Но это было бы проблемой Москвы и Луисбурга: не сам же Глэб взялся бы за
устранение сотрудника советского ЧК. Уж что-что, а устранение строптивого
человека с древнейших времен не представляет непреодолимых трудностей. Другое
дело, что Глэб отнюдь не разделял известную максиму: нет человека – нет
проблемы. В политике и разведке это далеко не всегда так.
- Вам нельзя меня
трогать, – сказал Славин, – с этим вы уже опоздали. Позавчера это бы у вас
получилось. Вчера, до моего разговора с консулом – с трудом.

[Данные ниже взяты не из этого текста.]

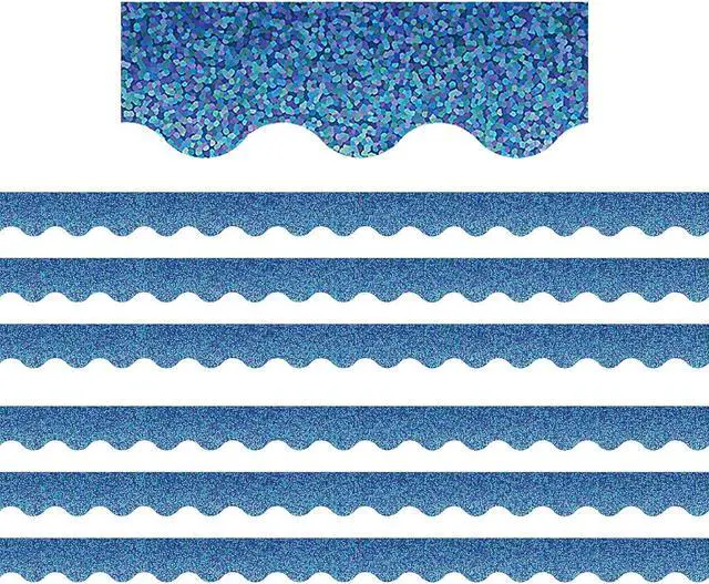 Add a little fun to your classroom with this beautiful Blue Sparkle Scalloped Border Trim. Use to frame student work, bulletin board displays, whiteboards, doors, or any place you want to add a little sparkle. Each pack includes 12 strips for a total of 35' of trim. Sold as 6 packs for a total of 72 pieces (210').
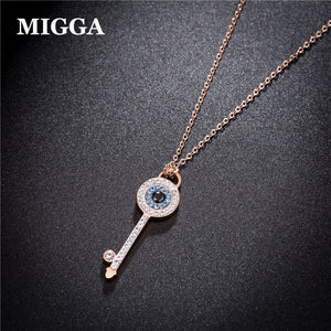 Rose Gold Color Blue Austrian Crystal Key Pendant Necklace Stainless Steel Women Jewelry

Сегодня –
абсолютно исключено.
- Если вы думаете, что
та гонконгская история, на которую вы намекали у Пилар, может произвести на
меня впечатление, вы глубоко заблуждаетесь. Это глупое недоразумение после
долгих лет забвения снова промелькнула на страницах газет, но, заметьте, мое
имя не упоминалось ни разу.
- Ну, этот пробел при
желании можно восполнить. Но мы не будем мелочиться. Верно, Джон? Бог с ним, с
Гонконгом. И на ваших кокаиновых плантациях в Нагонии свет клином не сошелся.
Есть дела посерьезнее.
- Честно говоря, я не
очень-то понимаю, кому это нужно тратить время и, должно быть, деньги, чтобы
собирать всякие небылицы о каком-то там Джоне Глэбе, а потом пугать его тем,
что они могут быть преданы гласности.
- Во!.. Вот теперь мы
как раз подошли к тому месту, с которого следовало бы начать. Прежде всего,
скажу, что мы к вам относимся не так легкомысленно, как вам того бы хотелось.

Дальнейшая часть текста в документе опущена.